Engineering

    How We Built the Career Matching Architecture at PathScorer

    A technical retrospective on transformer embeddings, occupation graphs, and the infrastructure decisions that actually worked.

    When we started building PathScorer, the hardest conversation we kept having internally wasn’t about machine learning. It was about representation. Specifically: what does a person’s career look like as a data structure, and what does the labor market look like as a data structure, and how do you put them in the same space so that a similarity calculation means something real?

    Everything downstream of that question, the matching logic, the salary layer, the gap analysis, the geographic optimization, only works if the answer to that foundational question is correct. We spent a disproportionate amount of the early architecture phase on it, and looking back, that was the right call.

    Here’s what we built, why we built it that way, and what we’d do differently.

    The representation problem

    A resume is natural language. The O*NET occupation database is a structured numerical taxonomy. A person asking “what should I do next with my career” is asking a question that spans both.

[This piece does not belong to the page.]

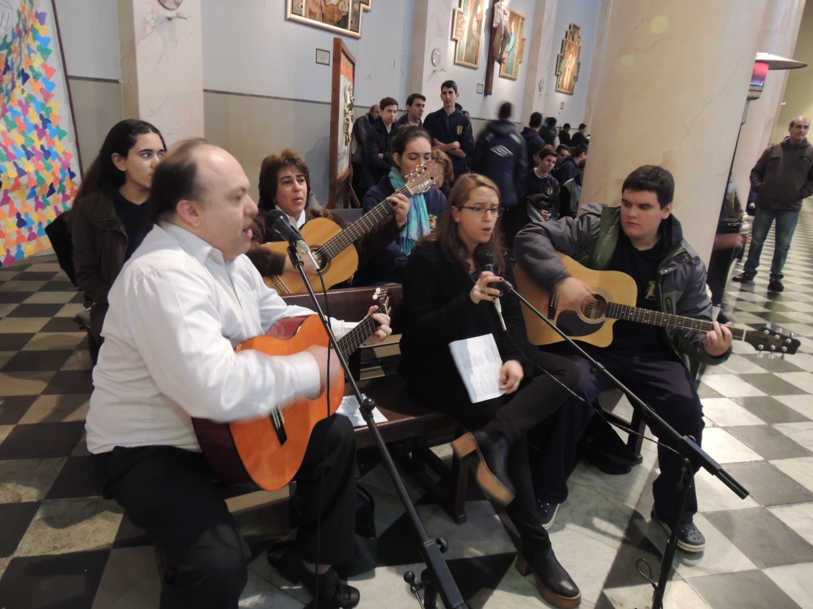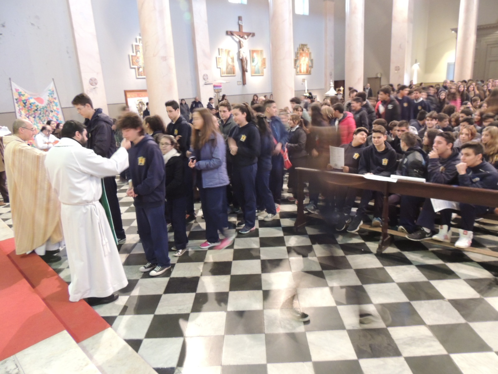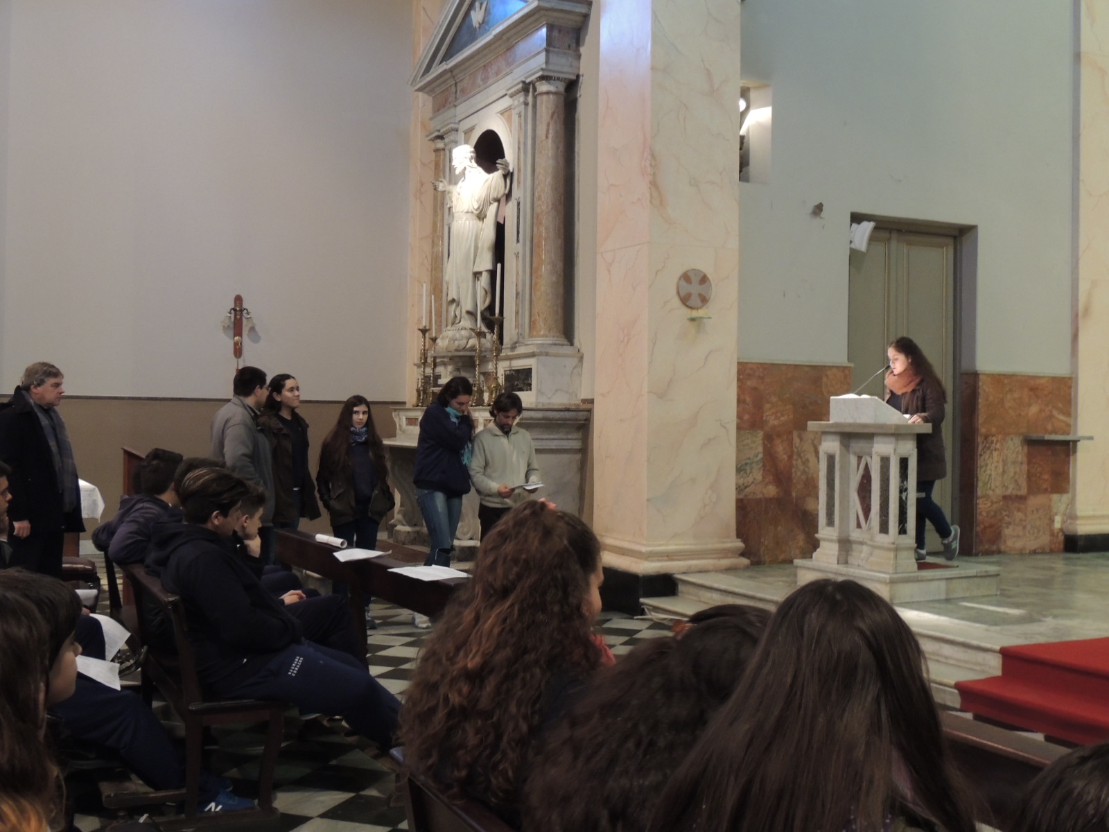 Comenzamos la mañana del viernes 3 de junio con la bendición de la nueva capilla del Colegio, que está ubicada en la ampliación del sector de oficinas en la planta baja del edificio de Secundaria. Allí estuvimos presentes representantes de todos los niveles y actores de la comunidad educativa: desde niños de Nivel Inicial hasta adolescentes de Bachillerato; desde un representante de los albañiles que trabajaron en la obra hasta el artista que pintó los cuadros; desde las familias hasta los docentes, funcionarios y la comunidad de Hermanos.

    The naive approach is to extract keywords from the resume, match them against keywords in occupation descriptions, and rank by overlap. This is essentially what job boards do, and it’s why job boards are bad at career discovery. Keywords match vocabulary, not meaning. “Revenue optimization” and “sales performance improvement” describe the same activity and share zero tokens.

    What you need is a space where semantic similarity can be computed, where two phrases that mean approximately the same thing sit close together regardless of the specific words used. This is what dense vector embeddings give you, and the transformer architecture is what makes them good enough to be useful in production.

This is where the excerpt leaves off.